Me la porse e io pulii la polvere con il pollice.
“Per Levi, con tutto il mio amore. Oilia. 1983. Il nostro primo anniversario di matrimonio.”
Fissai le parole e i ricordi riaffiorarono. Avevamo seppellito lì una piccola capsula del tempo, risalente ai primi anni del nostro matrimonio, quando eravamo giovani, squattrinati e pieni di progetti apparentemente infiniti.
Dentro, trovammo foto dei nostri primi anni insieme, lettere d’amore che Oilia aveva scritto ma che non mi aveva mai dato, e una lista di obiettivi che ci eravamo prefissati da novelli sposi: viaggiare in Irlanda, comprare una casa più grande, crescere figli che si sentissero amati e invecchiare insieme senza rimpianti.
Sul fondo della scatola c’era un’altra busta sigillata con il mio nome sopra, scritto con una calligrafia tremolante, più recente.
“Deve averlo convinto a non farlo e ad ingrandirlo negli ultimi mesi di vita”, mormorò Sarah.
Aprii la busta con mano tremante.
«Mio carissimo Levi», iniziava la lettera, «se stai leggendo queste righe, significa che il mio piano ha funzionato e che tu e Sarah siete sani e salvi. Ti scrivo in quello che so sarà uno dei miei ultimi giorni di pace, e volevo lasciarti qualcosa di diverso da prove e rabbia. Volevo lasciarti la pace».
Mi fermai lì. Le rose ondeggiavano dolcemente intorno a noi e, per un attimo, potei quasi credere che lei fosse lì, da qualche parte, proprio dietro di esse, a guardarci.
La lettera continuava. Diceva di sapere che gli ultimi mesi mi avevano fatto soffrire, che mi ero chiesta se avesse smesso di amarmi. Ma ogni parola dura, ogni sguardo distante, ogni volta che sembrava allontanarmi, era stato tutto per proteggermi dal mostro che voleva distruggere la nostra famiglia. Ora, scriveva, avrei saputo la verità su Randall, sulla sua altra famiglia e sui suoi piani per noi due.

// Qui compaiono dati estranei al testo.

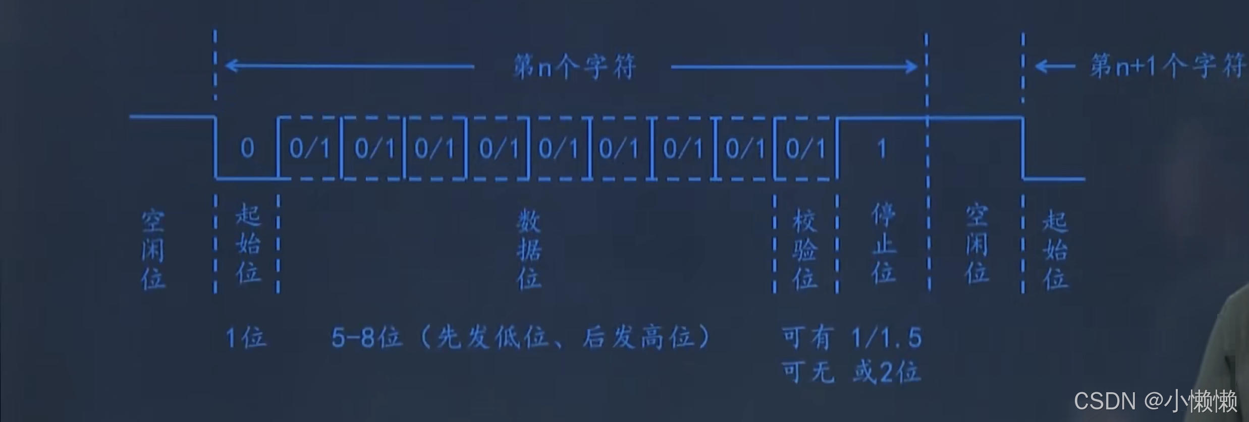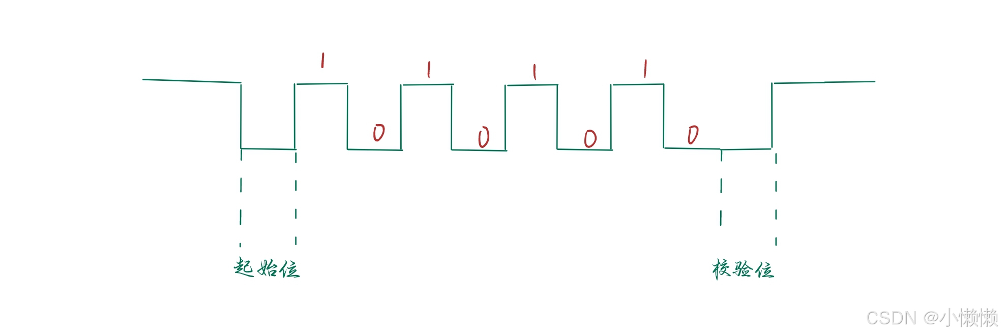 - 校验位:分为奇校验、偶校验和无校验三种模式。数数据位中有多少个1,如果是偶校验,数据位中有偶数个1,则校验位为0,反之为1;如果是奇校验,数据位中有奇数个1,则校验位为0,反之为1。简单来讲,偶校验凑偶数个 1,奇校验凑奇数个 1。
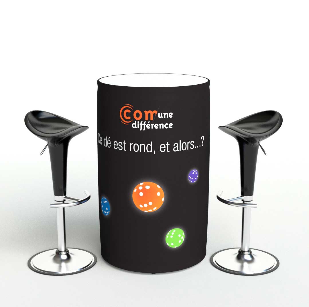 Le mange debout gonflable format "canette" est une nouvelle colonne gonflable à air captif. Le produit se constitue d’une structure gonflable recouverte d’une toile polyester montée sur un plateau PVC en bas et en haut. Le mange debout est facilement transportable car léger et peu encombrant. Une valve au centre du plateau inférieur permet de gonfler et de dégonfler la structure très rapidement.

Mi ricordò che non era mai stata confusa, mai veramente amareggiata. Era semplicemente una donna che lottava per le persone che amava di più al mondo. «Gli otto milioni ora sono tuoi, come avrebbero sempre dovuto esserlo», scrisse. «Ma soprattutto, Sarah è libera. Libera da un uomo che non la meritava. Libera di trovare il vero amore. Libera di costruire la vita che ha sempre desiderato».
Poi scrisse di me.
«Anche tu sei libero, amore mio. Libero dalla minaccia che mi ha tenuto sveglia tante notti in questi ultimi mesi. Voglio che tu usi questi soldi per vivere la vita al massimo». Un viaggio in Irlanda, proprio come avevamo sempre programmato. Compra quella casa più grande, se vuoi. Oppure tieni la nostra casetta e, un giorno, riempila di nipotini. Aiuta Sarah a ricostruire la sua vita. Soprattutto, non passare il resto dei tuoi giorni a piangere per me. Ho vissuto quarant’anni meravigliosi come tua moglie. Ho cresciuto una figlia con te, ho costruito una vita con te, ho amato e sono stata amata dall’uomo migliore che abbia mai conosciuto. Questa è felicità sufficiente per una vita intera.
A quel punto, la mia vista iniziò ad annebbiarsi, ma continuai a leggere.
Mi disse di trovare una nuova felicità. Nuove avventure. Nuovi motivi per sorridere. Mi disse di portare Sarah con me in alcune di queste avventure, perché mia figlia aveva bisogno di ricordare come ridere di nuovo, come fidarsi di nuovo e come credere nelle brave persone dopo aver vissuto accanto a tanta crudeltà.
Alla fine, mi ringraziò per essere stato, per quarant’anni, esattamente l’uomo di cui si era innamorata. Mi ringraziò per essermi fidato di lei anche quando non capivo le sue azioni. Disse che in realtà non se n’era mai andata, che sarebbe stata presente in ogni rosa che sbocciava in quel giardino, in ogni pasto in famiglia in cui Sarah sorrideva e in ogni momento in cui ricordavo di essere stato amato. La morte, scrisse, non poteva fare nulla contro un amore così grande.